Я вздрагиваю от последних его слов. Мне вспоминается вечер после прихода петлюровцев. Магид обнял меня тогда и наказал: «Плач запомни! Убитых запомни! Запомни все!»
Я останавливаюсь и смотрю на отца. Он идет медленно, сутулится. На лице его какое-то новое, необычайное выражение. Никогда еще он не говорил так со мной. Чувствую, что в моей жизни произошло что-то важное.
— А теперь конец им пришел! — говорит он.
— Конец! — отвечаю я и догоняю отца.
Держась за руки, мы входим этим ранним утром в местечко.
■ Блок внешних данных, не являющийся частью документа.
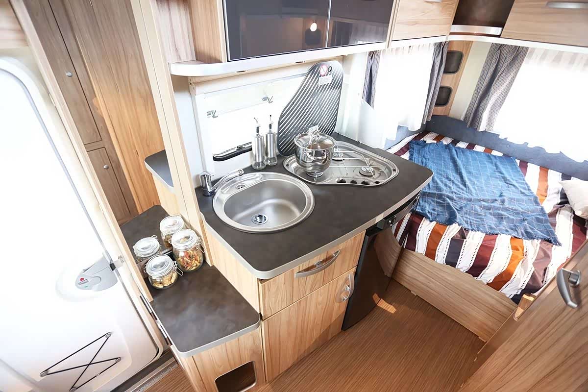 厨房区配备了3 点式灶台,带自动点火装置并配有防火保护装置和炉灶玻璃盖,灶台左侧为洗菜池,同样为不锈钢材质。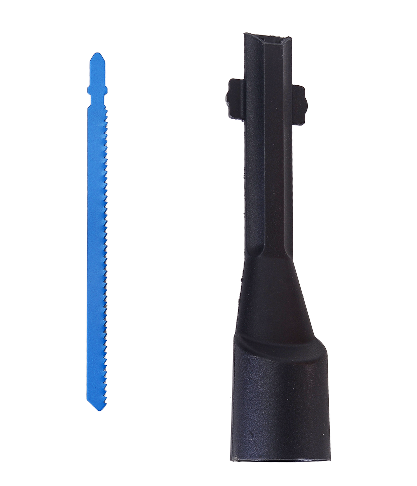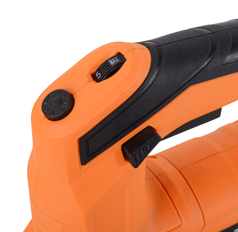 Электролобзик имеет защиту от случайного пуска, что повышает качество и безопасность пользования. Для эффективного охлаждения двигателя на корпусе предусмотрены вентиляционные отверстия. Также имеется возможность подключения патрубка строительного пылесоса для обеспечения чистоты на рабочем месте.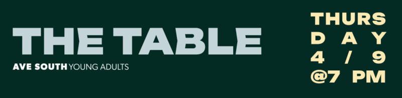 Join us for The Table on Thursday, April 9, from 7:00–8:30 p.m. in the Sanctuary. Our Young Adults gathering is a great opportunity to connect, build community, and grow together as we open Scripture and spend intentional time together. Come take a seat at the table and be part of what God is doing this spring.

Только что пробудившиеся воробьи возятся в конском навозе. Красноармеец с плаката смотрит на меня и зовет с собой. Из-за искалеченных деревьев выглядывает дом с сорванной крышей и обгорелой трубой. Кругом тишина, как после бури.
Медленно шагаем мы мимо домов. Там, за пожарной каланчой, небо все больше разгорается, все ярче пламенеет. Уже солнце встает над крышами.
— Какое утро, папа! — Зажмурившись, я показываю отцу на крыши, на шлях, который убегает куда-то вдаль.
— Да, Ошерка, замечательное утро!
Небо становится огненным, кровавым, потом оно сразу светлеет, и вдруг чем-то сверкающим наполняется воздух. Я даже не замечаю, как приходит день.
Не раз я, бывало, вскакивал ночью, становился у окна и все искал полоску, отделяющую ночь от дня. Никогда, однако, я этой грани не находил.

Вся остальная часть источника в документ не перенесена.